Department of Art History

Alba’s dissertation “Artistry and Industry:  studies the work of portrait artist George Peter Alexander Healy (1813-1894) and his investment in industrialization, attending to both the faces of industrialists he painted and to his own values, which epitomized principles at the core of industrialization. His often repetitive and highly  successful portraits constitute a fascinating world of private and public identities, social networks and commercial transactions. This summer, Alba will travel during a four-week period to various major U.S. institutions that hold archival material regarding Healy’s life and work.

Image Caption: George Peter Alexander Healy, Charles Goodyear, 1855. Oil on a sheet of rubber.

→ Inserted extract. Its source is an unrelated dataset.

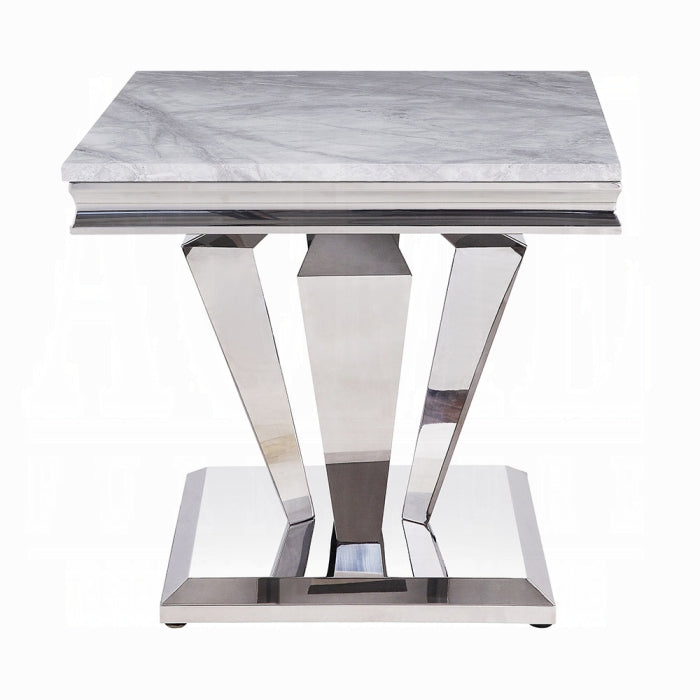 The light grey marble top offers an elegant surface, while the table base showcases sleek, uncluttered lines and shiny stainless steel accents for a polished, updated look.
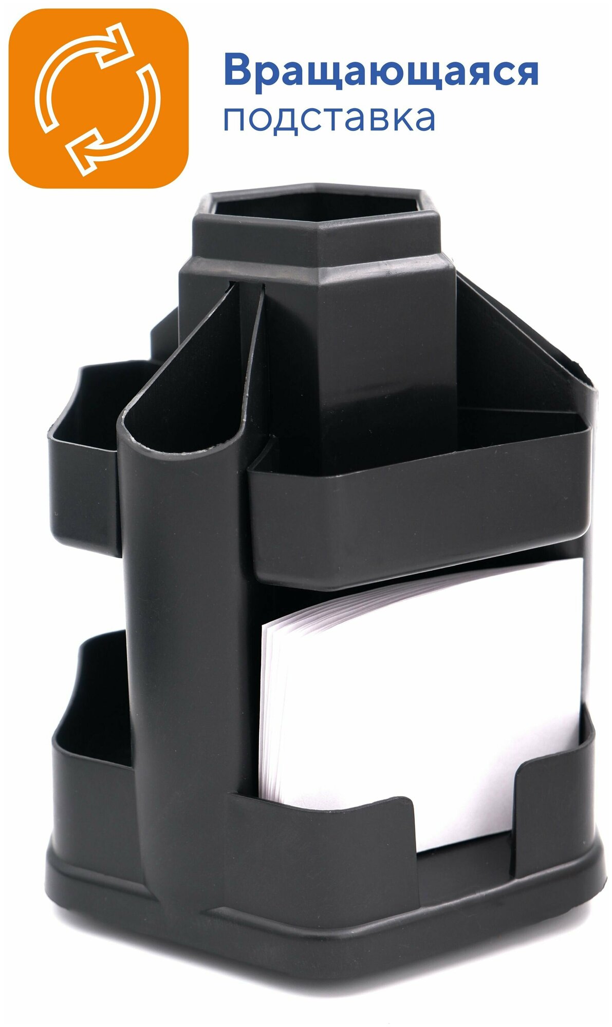 | В комплекте | 2 ручки шариковые, 2 карандаша, 1 ножницы, 1 нож канцелярский, 1 линейка со шкалой 15 см, 1 точилка для карандашей, 1 степлер для скоб 10, 1 набор для скоб 10, 1 набор скрепок, 1 набор декоративных силиконовых кнопок, 1 канцелярская лента 12мм*5м в диспенсере, 1 антистеплер, 1 блок для записи с липким слоем 76*76 желтый, 1 ластик и сама пластиковая подставка на поворотной платформе |

Mattatuck Museum. Waterbury, CT. Photograph by Anne Cross.


Camilo Cárdenas

Art Department

For indigenous cultures around the world, artifacts, images, music and rituals are seen as storytelling tools that advance belief systems and develop cultural identity. Camilo’s research project, “Shaman as Artist”, analyzes the views and practices of shamans in the Colombian Amazon in search of potential parallels with contemporary art. By highlighting the commonalities in these seemingly different practices, this project aims to broaden cultural awareness of indigenous peoples and the fundamental ways in which we connect as humans. Observing the creative output of indigenous communities is an opportunity to broaden our current perception of what art and art-making can accomplish for society, given that their creations are central to the spiritual, physical and political advancement of their communities. This research project will culminate with a series of short films and a body of sculptural works.

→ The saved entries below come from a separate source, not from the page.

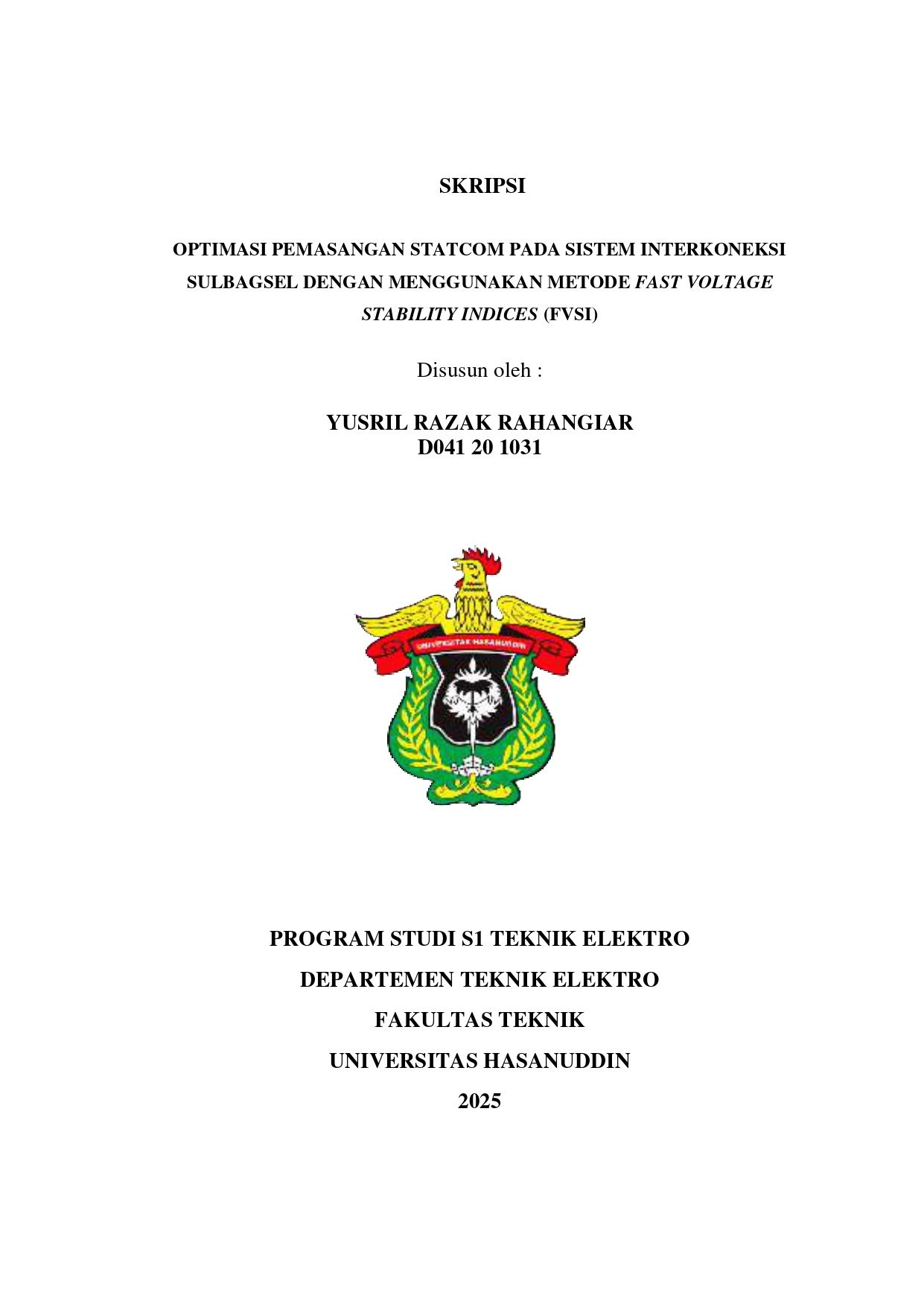 RAHANGIAR, YUSRIL RAZAK (2027) Optimasi Pemasangan STATCOM pada Sistem Interkoneksi SULBAGSEL dengan Metode Fast Voltage Stability Indices (FVSI) = Optimization of STATCOM Placement on the SULBAGSEL Interconnection System Using the Voltage Stability Indices (FVSI). Skripsi thesis, Universitas Hasanuddin.
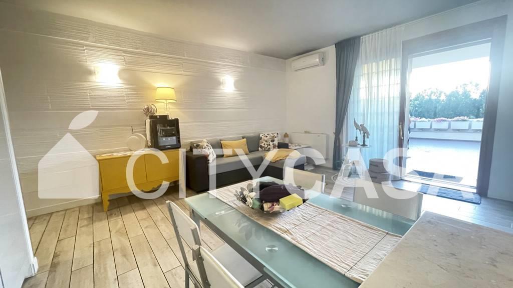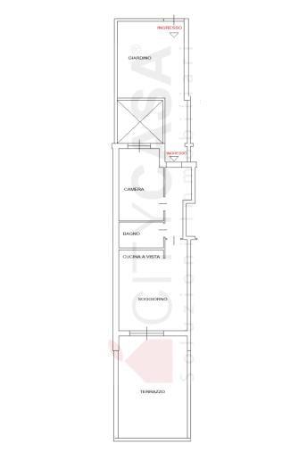 L'immobile, con Accesso Esterno indipendente che introduce alla proprietà tramite una piccola corte privata, dotata di giardinetto antistante l'Appartamento si trova al 2° piano, si compone di: Ingresso, Soggiorno con Cucina a Vista e accesso diretto al Terrazzo di Mq. 35 ca, Camera, Bagno con doccia. Completano la proprietà un Posto Auto Coperto di Mq.13 e una Cantina Asciutta di Mq. 3 nel Piano Seminterrato Condominiale, collegato direttamente dall'Ascensore.
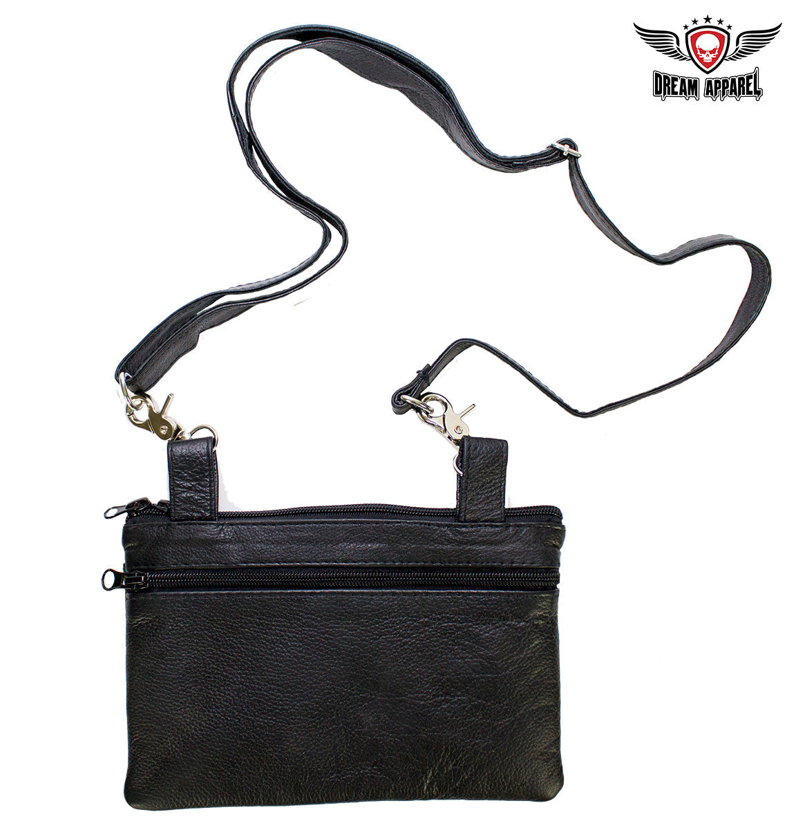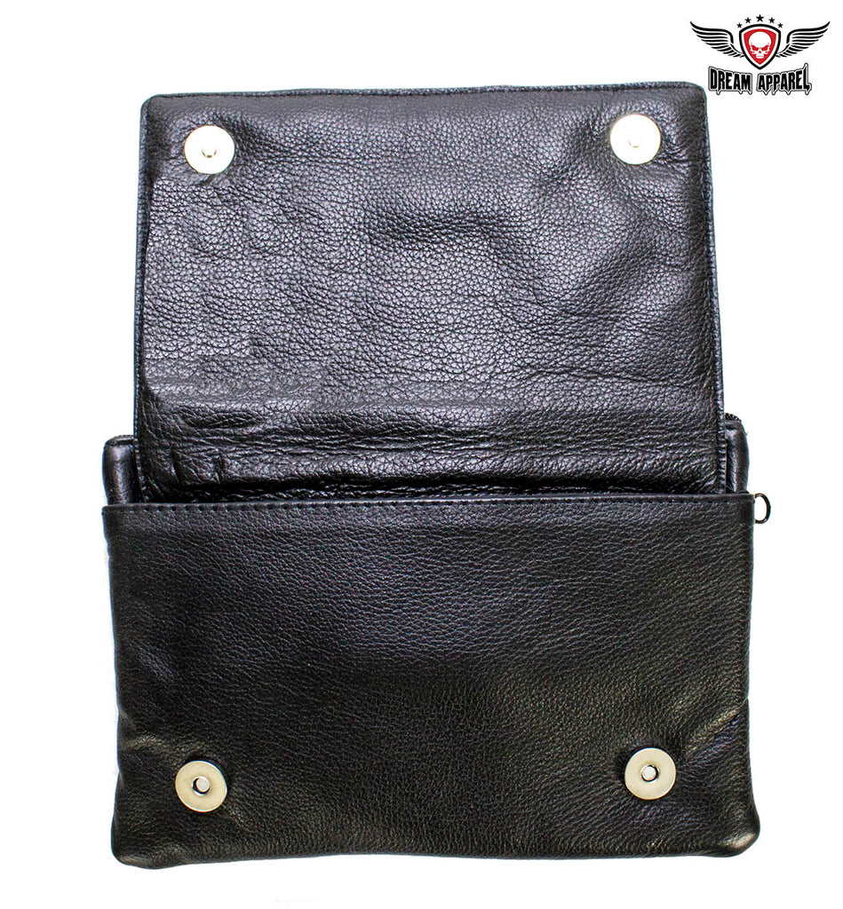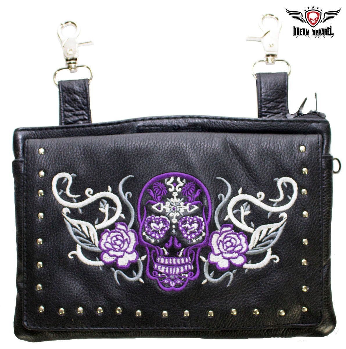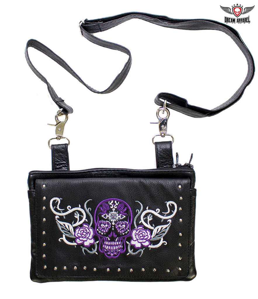 Our delightful 9" x 7.5" naked cowhide leather belt bag is made for anyone that carries a concealed handgun. A zippered compartment with a strong Velcro strap inside lets you carry any large caliber handgun securely. A large dual magnetic flap pocket on the front and an equally large zippered pocket on the back let you carry a large cell phone and more with ease and comfort. Decorated with a purple and white Sugar skull with white roses on the flap with chrome studs, you can fasten it easily to your belt loops with two large chrome lobster clasps and never ride unprotected again. Order yours today.

Image caption: Traditional Maloka meeting house of the Muinane indigenous group, near Leticia, Colombia. Photo by Camilo Cárdenas.


Jessica Conrad

English Department

Jessica Conrad is building a digital humanities project called Activist Artifacts that showcases print, visual, and material culture of nineteenth-century reform movements in America for the purposes of public awareness and higher education. The exhibit tells the story of nineteenth-century resistance and reform movements through the objects activists made, boycotted, bought, and used—a pin cushion, a silk handkerchief, a root beer advertisement, a newspaper. The project seeks first to bring awareness to a fascinating part of American history, second to make tools available to educators who share an appreciation for material culture, and finally to strengthen public understanding of the power that objects and print have in effecting change.

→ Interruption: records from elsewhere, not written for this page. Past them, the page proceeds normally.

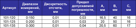 Предел допускаемой погрешности штангенциркулей приведен в табл. 1.
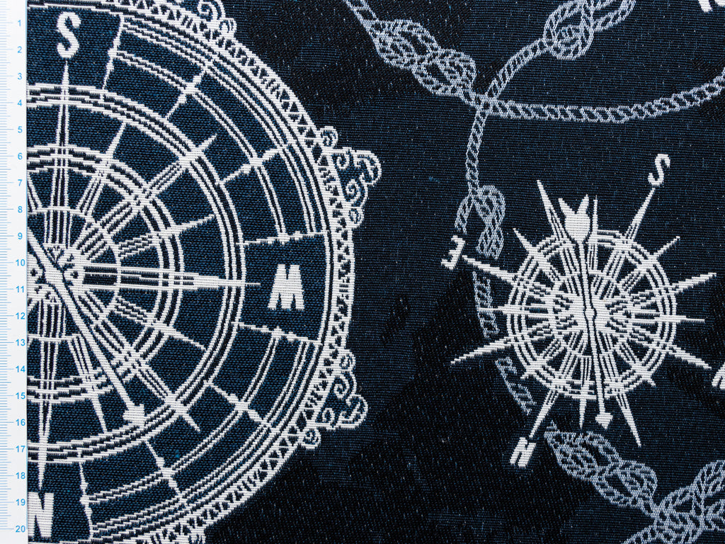 Navigiere durch deine Kreativität mit diesem fesselnden Jacquard-Webstoff! Vintage-Kompasse tanzen über tiefes Marineblau und verleihen jedem Projekt nautischen Flair mit modernem Twist. Ob Polsterung, Dekoration oder die perfekte Reisetasche – dieser robuste Stoff ist dein zuverlässiger Begleiter. Die klassische Farbgebung passt zu fast allem, während die feinen Details beim genauen Hinschauen zum Vorschein kommen. Entdecke die Abenteurer in dir!
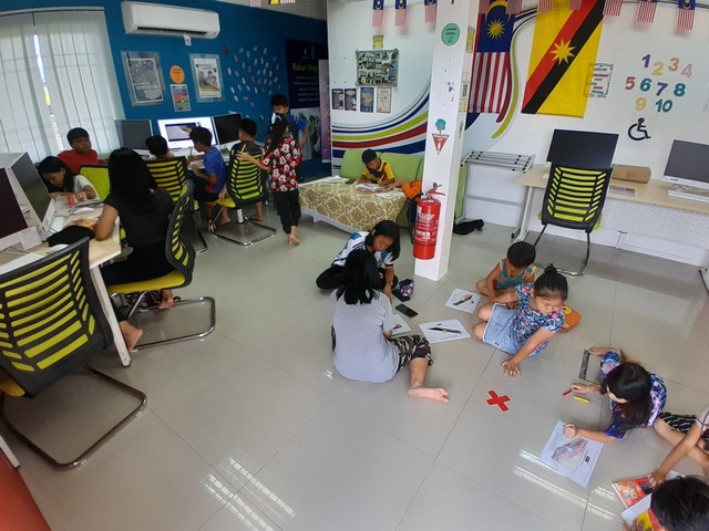 6 Ogos 2023 | Aktiviti TerkiniPada hari Sabtu, 5 Ogos 2023, Pusat Ekonomi Digital Bengoh telah mengadakan satu program hujung minggu bersama dengan kanak-kanak tempatan. Dalam aktiviti ini, seramai 16 orang kanak-kanak berusia dalam ringkungan 6 hingga 13 tahun telah menyertai aktiviti hujung minggu ini iaitu Kenali Sarawakku dengan mewarna. Aktiviti ini telah berlangsung selama 1 jam, bermula pada pukul 2:30 petang ke 3:30 petang. Aktiviti dimulakan dengan kuiz ringan mengenai negeri Sarawak. Setelah itu, peserta diberikan bendera Sarawak untuk mewarna. Para peserta muda dibimbing dengan baik oleh peserta yang lebih tua untuk mengenali warna pada bendera Sarawak.
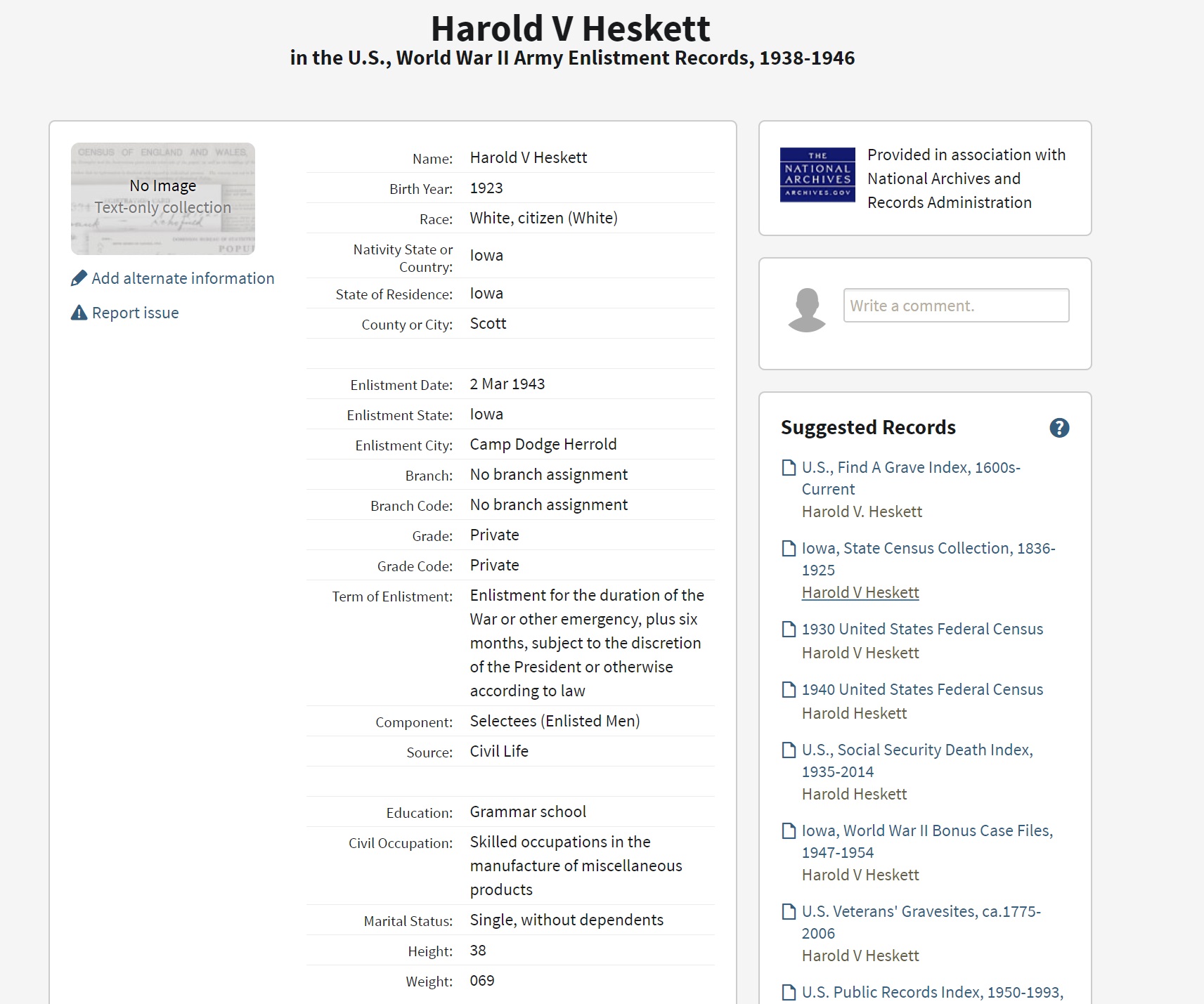 Harold V. Heskett was born on February 22, 1923 in Scott, Iowa, USA. He and

Image caption: “The Poor Slave.” Broadside printed on fabric, ca. 1836. Boston Chemical Printing Company. Joseph Downs Collection of Printed Manuscripts and Ephemera; Winterthur Museum, Garden and Library.


Anne S. Cross

Art History Department

In today’s world, images of police shootings, dead bodies, war, and other graphic imagery often come with trigger warnings, or are censored online and on social media. During the Civil War, however, popular newspapers like Harper’s Weekly did not shy away from publishing all kinds of gruesome images of tortured slaves and wounded soldiers with gangrenous limbs. In her dissertation entitled, “‘Features of Cruelty Which Could Not Well be Described by the Pen’: The Media of Atrocity in Harper’s Weekly 1862 – 1865,” art history PhD candidate Anne Cross investigates how Harper’s used engraved images based on real photographs to communicate the brutality of the war to its Northern audience. This summer Anne will conduct archival research in support of her dissertation, including in the archives of the Harper & Brothers publishing house, located at Columbia University in New York.

Image caption: Detail of Corporal Calvin Bates from “Rebel Cruelties,” Harper’s Weekly (June 17, 1865). Source: The Library Company of Philadelphia.


Carrie Greif 

WPAMC

Carrie will spend the summer cataloging and interpreting the mid-century modern furniture at the Winterthur Museum. The furniture including pieces by Knoll, Eames, and Saarinen is currently undocumented and scattered throughout Winterthur’s campus. Carrie hopes that her research will enhance perspectives on how mid-century modernism was and is experienced.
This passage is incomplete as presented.